What we do

Temwa works in remote, rural areas of northern Malawi – where poverty and climate change are a daily reality. 

Our aim is to develop thriving, inclusive and self-reliant communities that are able to transform their own futures.

At the heart of everything we do is our commitment to community-led development: we empower communities to identify their own challenges and solutions. Working together with the people we support, our interlinked projects help break the poverty cycle and create lasting, sustainable change for the future.

Agriculture and forestry

Nine in ten people in Nkhata Bay North are farmers, and almost 60% of the population live on just over 50p a day. They depend on the land and local forests for survival. But poverty is forcing them to use these resources unsustainably – making the same problems worse. 

In the last 20 years, a quarter of the forest in Nkhata Bay district has been destroyed. At the same time, climate change has led to increased droughts and floods. The extreme weather and degrading land make it difficult for farming communities to make a living to feed and support their families.

Building climate-resilient livelihoods

Temwa works with the disadvantaged farming communities in Nkhata Bay North to build sustainable livelihoods that give families income and food, while protecting the local environment. 

We train farmers in sustainable farming methods that help them adapt to the changing climate.
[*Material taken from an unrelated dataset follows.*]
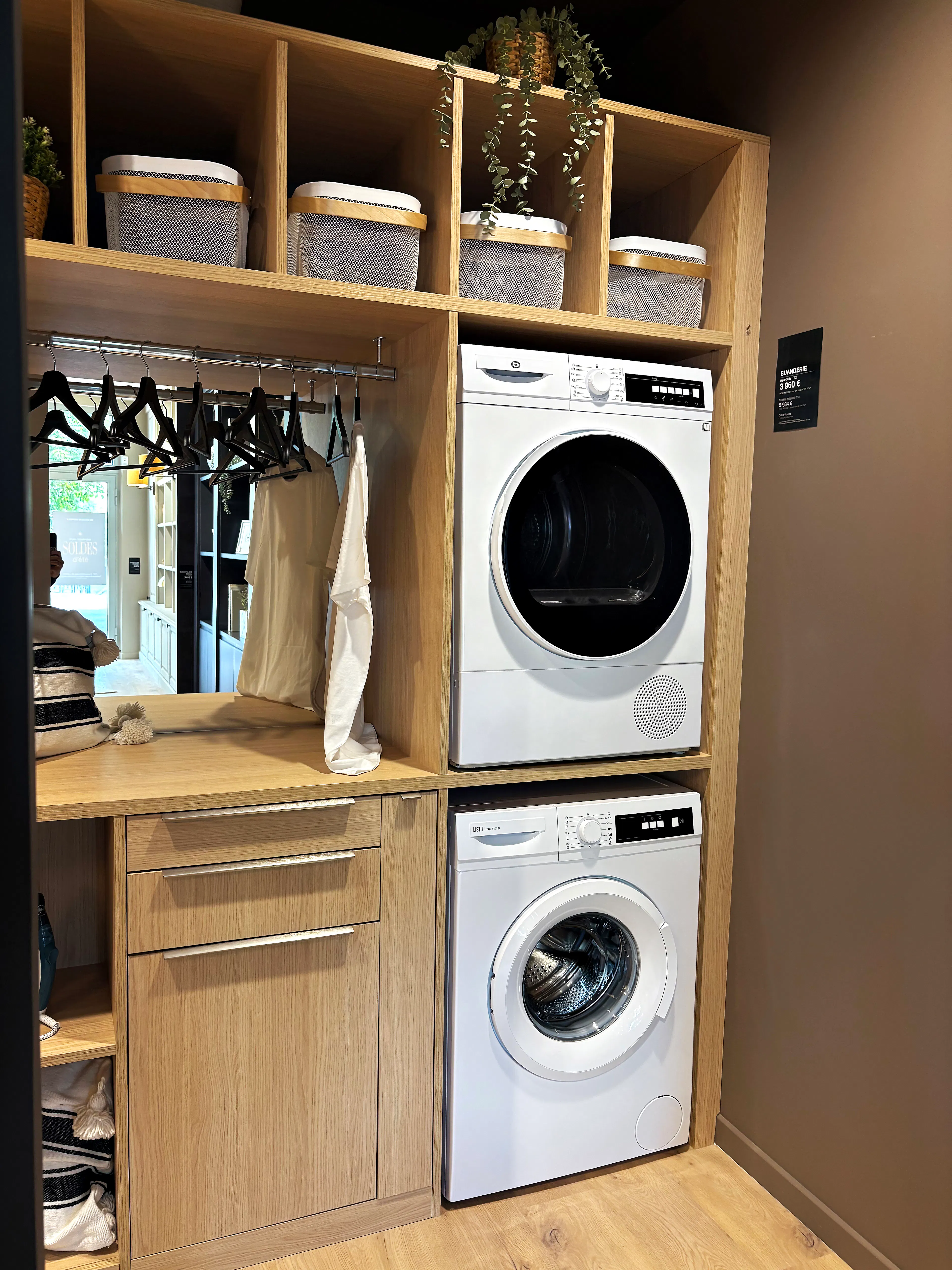 Sans un aménagement bien pensé, cette pièce peut rapidement devenir encombrée et difficile à utiliser. Les machines prennent de la place, les paniers s’accumulent, les produits ménagers s’entassent et il devient difficile de garder un espace ordonné. C’est précisément pour cette raison que le sur-mesure prend tout son sens. En adaptant chaque élément aux dimensions de la pièce et aux habitudes de vie, il est possible de transformer une simple buanderie en un espace fonctionnel et agréable.

We provide business training and support to farmer groups which can then flourish into forest-friendly community enterprises. 

Temwa Carbon Balance

The Temwa Carbon Balance scheme offers organisations and individuals an opportunity to balance their CO2 emissions. We do this through community tree planting, sustainable farming and community-led management of local natural resources. You can read more here

Read more about Temwa’s achievements in Agriculture and Forestry in the 2020 Agriculture and Forestry Report.

Health

In Nkhata Bay North, 16% of the population is HIV-positive – this means that nearly every household is affected by HIV or AIDS in some way.

The area is so remote that it’s extremely difficult for people to access healthcare facilities or receive health education. As a result, many people who are HIV-positive struggle to get the support and treatment they need. Additionally, there remains a stigma surrounding HIV and AIDS, which leads to people avoiding being tested and sometimes not taking medicine.

Our health programme works to address the devastating effects of HIV and AIDS through two projects: Mobile Voluntary Counselling and Testing, and Straight Talking. We often run these in conjunction with other community engagement activities, such as interactive theatre and awareness campaigns run by our voluntary Peer Educators, who are located around the district.

Mobile Voluntary Counselling and Testing

Our Mobile Voluntary Counselling and Testing (MVCT) project helps to create behavioural change by raising awareness of the importance of regular testing, and empowering people to seek help and reduce the spread of HIV.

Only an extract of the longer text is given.